Because this is not what reinterpret_cast . All permitted conversions with reinterpret_cast include pointers or references, except that the integer or enum type can be reinterpret_cast for itself. All of this is defined in the standard, [expr.reinterpret.cast] .
I'm not sure what you are trying to achieve here, but if you want randomIntNumber have the same meaning as randomUintNumber , then do
const int64_t randomIntNumber = randomUintNumber;
If this leads to a compiler warning, or if you just want to be more explicit, then:
const int64_t randomIntNumber = static_cast<int64_t>(randomUintNumber);
The result of the cast has the same meaning as the input if randomUintNumber less than 2 63 . Otherwise, the result will be determined by the implementation, but I expect all known implementations that int64_t will define it to do the obvious thing: the result is equivalent to input modulo 2 64 .
If you want randomIntNumber have the same bit pattern as randomUintNumber , you can do this:
int64_t tmp; std::memcpy(&tmp, &randomUintNumber, sizeof(tmp)); const int64_t randomIntNumber = tmp;
Since int64_t guaranteed to use two additional representations, you hope that the implementation defines static_cast to have the same result as for values outside the uint64_t range. But in fact, this is not guaranteed in the AFAIK standard.
Even if randomUintNumber is a compile-time constant, unfortunately, here randomIntNumber not a compile-time constant. But then, how is “random” a compile-time constant ?; -)
If you need to get around this, and you don't trust the implementation, to be reasonable about converting non-standard unsigned values to signed types, then something like this:
const int64_t randomIntNumber = randomUintNumber <= INT64_MAX ? (int64_t) randomUintNumber : (int64_t) (randomUintNumber - INT64_MAX - 1) + INT64_MIN;
Now I advocate writing truly portable code wherever possible, but even so, I think it borders on paranoia.

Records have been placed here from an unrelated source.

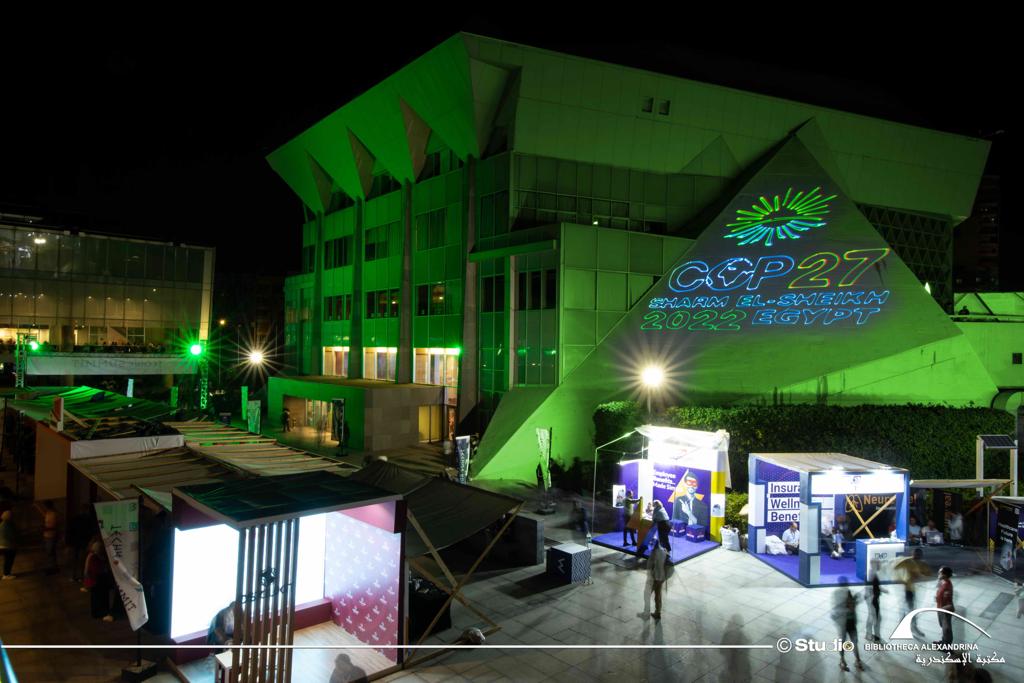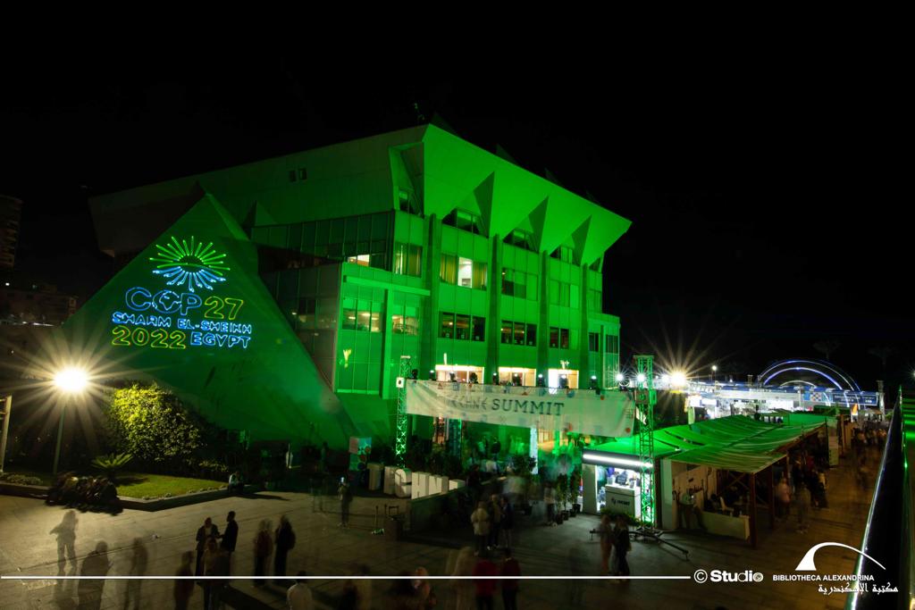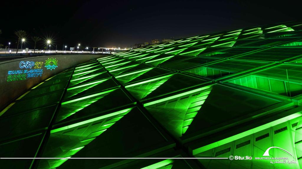 احتفلت مكتبة الإسكندرية اليوم الأحد، بانطلاق فعاليات مؤتمر الأطراف لاتفاقية الأمم المتحدة الإطارية حول تغير المناخ COP27 بشرم الشيخ، والذي سيستمر حتى 18 نوفمبر 2022، وذلك من خلال إضاءة مبنى المكتبة باللون الأخضر وعرض شعار المؤتمر على مبانيها، وهو الشعار الذي أطلقته مصر تزامنا مع استضافتها لهذا الحدث العالمي بحضور زعماء ورؤساء مختلف الدول ووفود رسمية مشاركة من جميع دول العالم.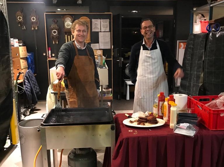 Zeker honderd mensen bezoeken de bijeenkomst. Ze worden getrakteerd op koffie met iets erbij. Ook worden hamburgers gebakken, die gretig aftrek vinden en bijdragen aan een gezellige, ongedwongen sfeer.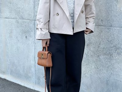 156㎝でキッズサイズをセレクト。着心地とシルエットが優秀な【ユニクロ】パンツでつくるショートトレンチスタイル【40代の毎日コーデ】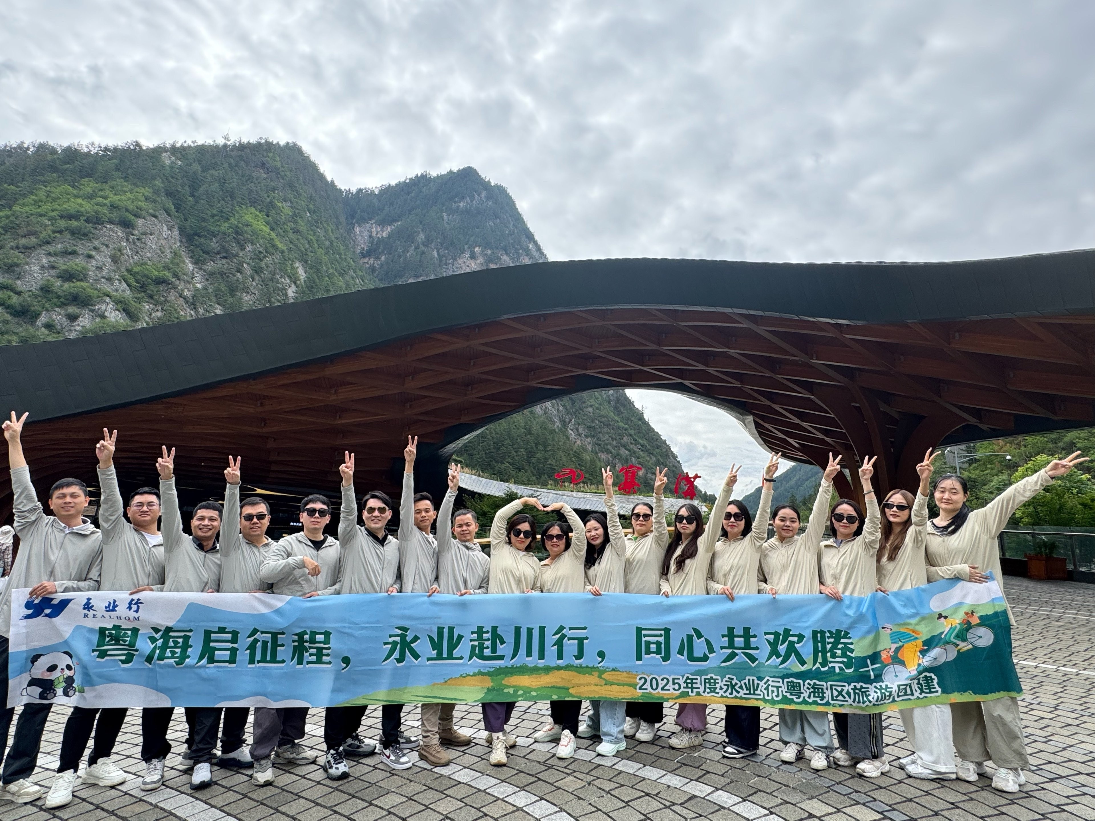 抛下都市的喧嚣,跃入川蜀的山海长卷; 把地图上的炽热标记, 踏成蜿蜒身后的足迹。 与其静待风至,不如化身追风者, 在蜀地风光里, 镌刻专属粤海团队的“快乐勋章”! 夏日炎炎,恰是消暑佳时。近日,永业行粤海区20名员工及家属在总经理周攀的带领下,以“粤海启征程,永业赴川行,同心共欢腾”为主题,踏上了一场兼具文化深度与团队温度的川蜀之旅。 01 探秘古蜀文明,邂逅千年传奇 走进三星堆博物馆,神秘的青铜面具、造型奇异的古蜀文物瞬间抓住了大家的目光。那些沉睡千年的器物,仿佛跨越时空,诉说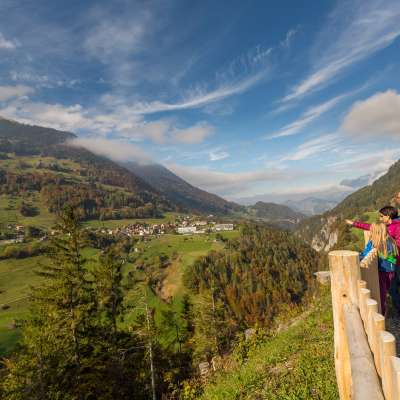 Im Taminatal zwischen Pfäfers und Vadura liegt der Infopunkt zum UNESCO-Welterbe Tektonikarena Sardona. Mit einzigartiger Aussicht auf die Glarner Hauptüberschiebung an den Wildseehörnern und dem Blick ins Taminatal und in Richtung Taminaschlucht ist er ein beliebter Verweilpunkt. Neben gemütlichem Sitz- und Liegemobiliar laden originell gestaltete Infotafeln, Blickrichter und Kletterfelsen zum Verweilen ein. Vom Aussichtspunkt hat man auch einen sehr guten Blick auf die Taminabrücke, die grösste Bogenbrücke der Schweiz. Sie verbindet am Talausgang die beiden Dörfer Pfäfers und Valens miteinander.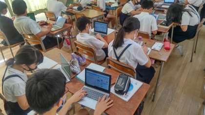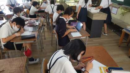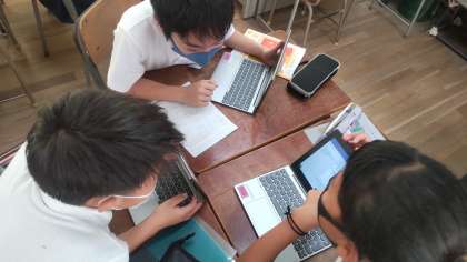 一人1台パソコンを使って地震や水害などについて、グループで調べました。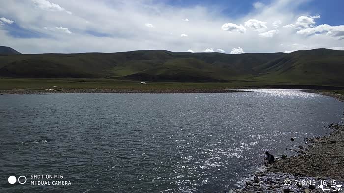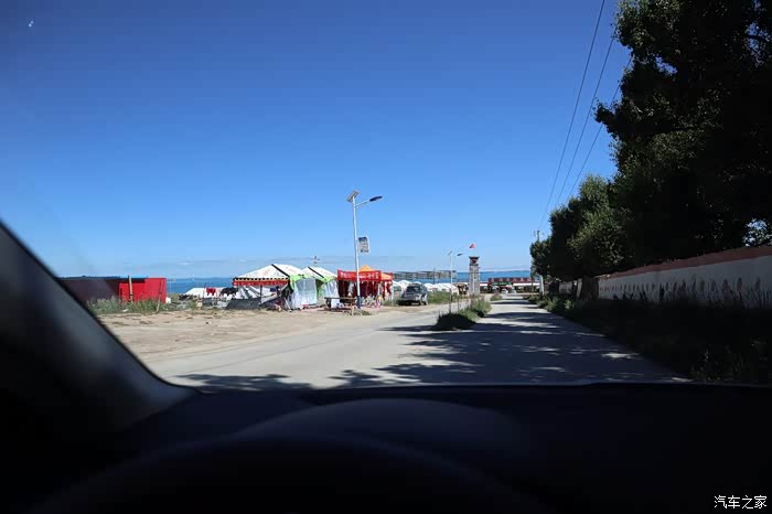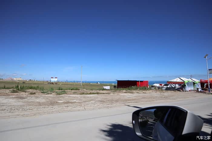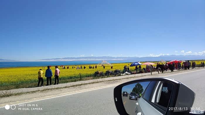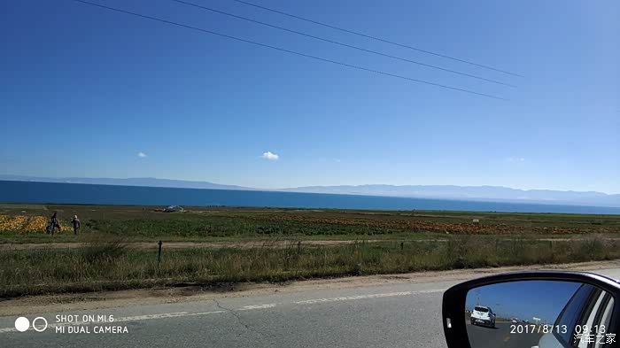 一出路口,顿时给眼前一线有别蓝天的蓝色惊呆了,没错!就是我十多年前就想带上老婆(当时还是女朋友)去一眼的青海湖,今日如愿了。

Btw, you may be tempted to write the following:
const int64_t randomIntNumber = reinterpret_cast<int64_t&>(randomUintNumber);
or equivalently:
const int64_t randomIntNumber = *reinterpret_cast<int64_t*>(&randomUintNumber);
This is not entirely guaranteed to work, because although they exist where int64_t and uint64_t , it is guaranteed that they are a signed type and an unsigned type of the same size, in fact they are not guaranteed to be signed and unsigned versions of the standard integer type. Thus, this is implementation-specific, regardless of whether this code violates a strict alias. Code that violates a strict alias has undefined behavior. The following does not violate a strict alias, and this is normal if the pattern bit in randomUintNumber is a valid representation of the long long value:
unsigned long long x = 0; const long long y = reinterpret_cast<long long &>(x);
So, in implementations where int64_t and uint64_t are typedefs for long long and unsigned long long , then my reinterpret_cast is fine. And just as with converting values out of range to fit the implementation, you should expect that a reasonable thing to implement is to make them the corresponding types with / without signature. So, like static_cast and implicit conversion, you expect it to work in any reasonable implementation, but in reality it is not guaranteed.